GOAL OF THE EXERCISE:
Give the listing again exactly, omitting its images.

INFORMATION PROVIDED:
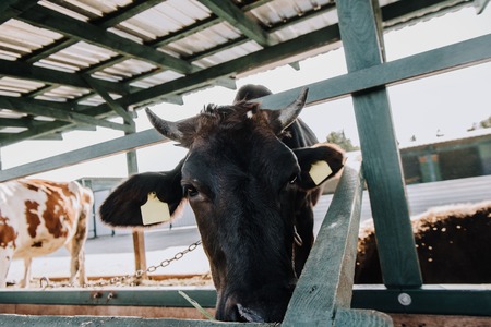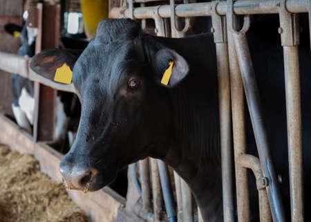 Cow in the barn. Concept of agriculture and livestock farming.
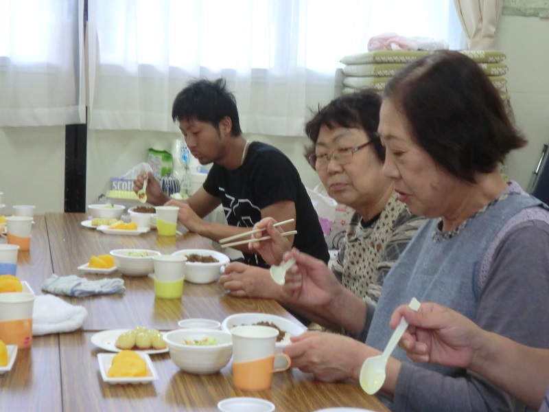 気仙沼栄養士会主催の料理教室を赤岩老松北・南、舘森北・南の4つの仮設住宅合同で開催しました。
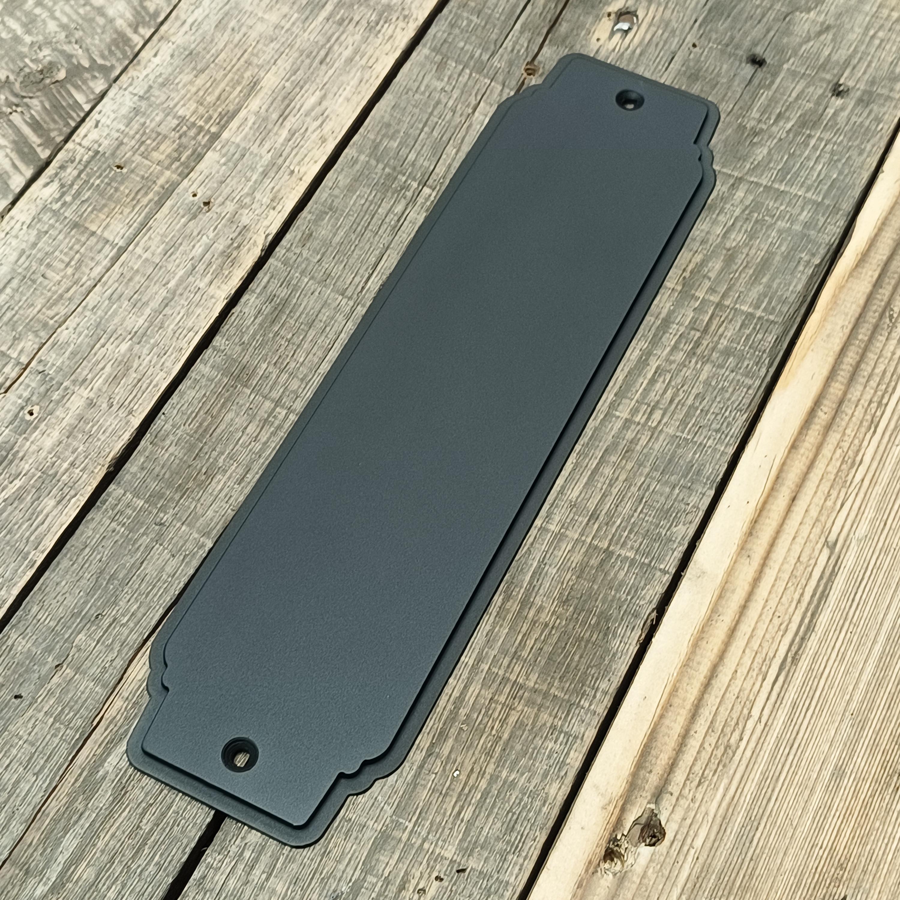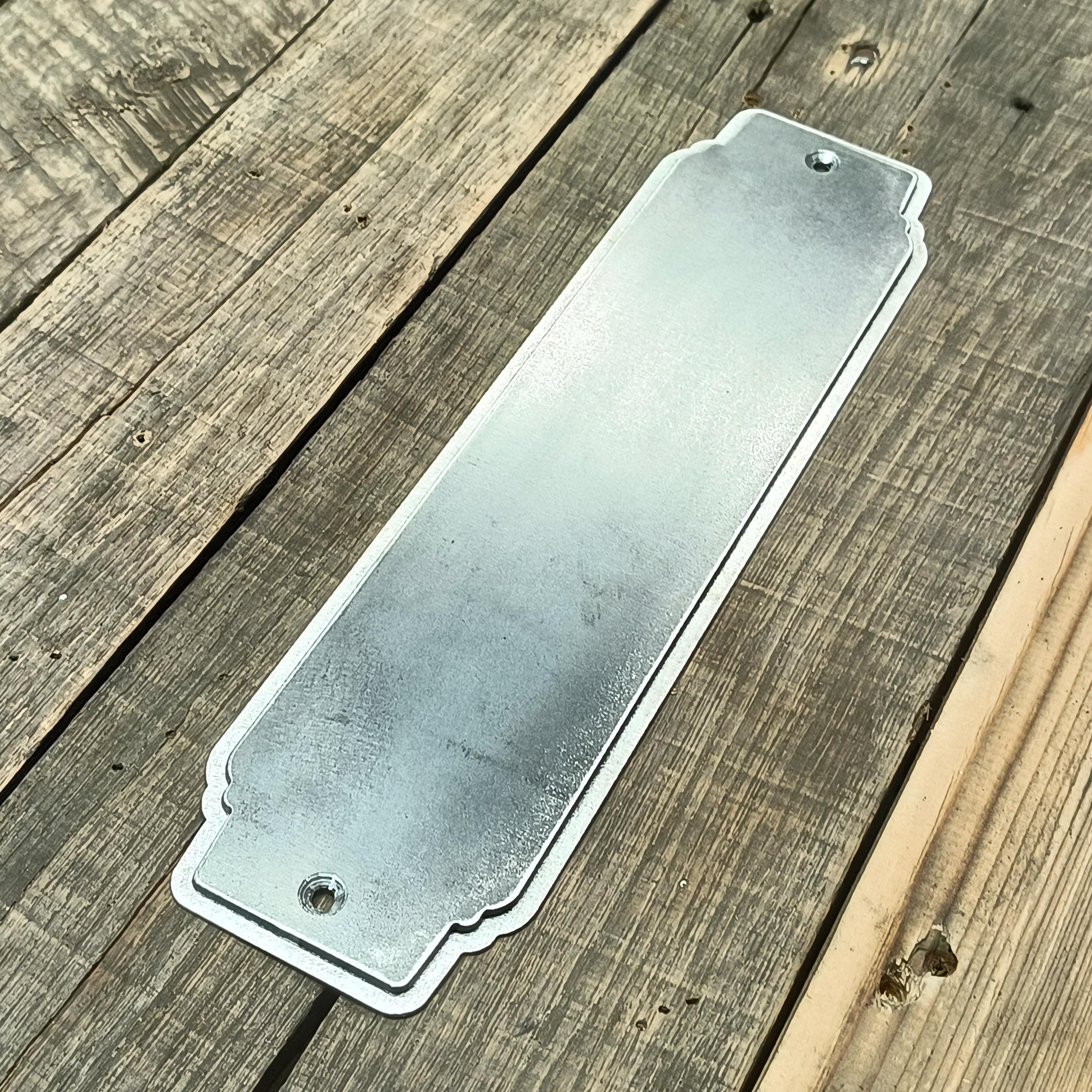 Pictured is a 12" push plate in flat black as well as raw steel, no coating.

RESPONSE TO THE EXERCISE:
 Cow in the barn. Concept of agriculture and livestock farming.
 気仙沼栄養士会主催の料理教室を赤岩老松北・南、舘森北・南の4つの仮設住宅合同で開催しました。
 Pictured is a 12" push plate in flat black as well as raw steel, no coating.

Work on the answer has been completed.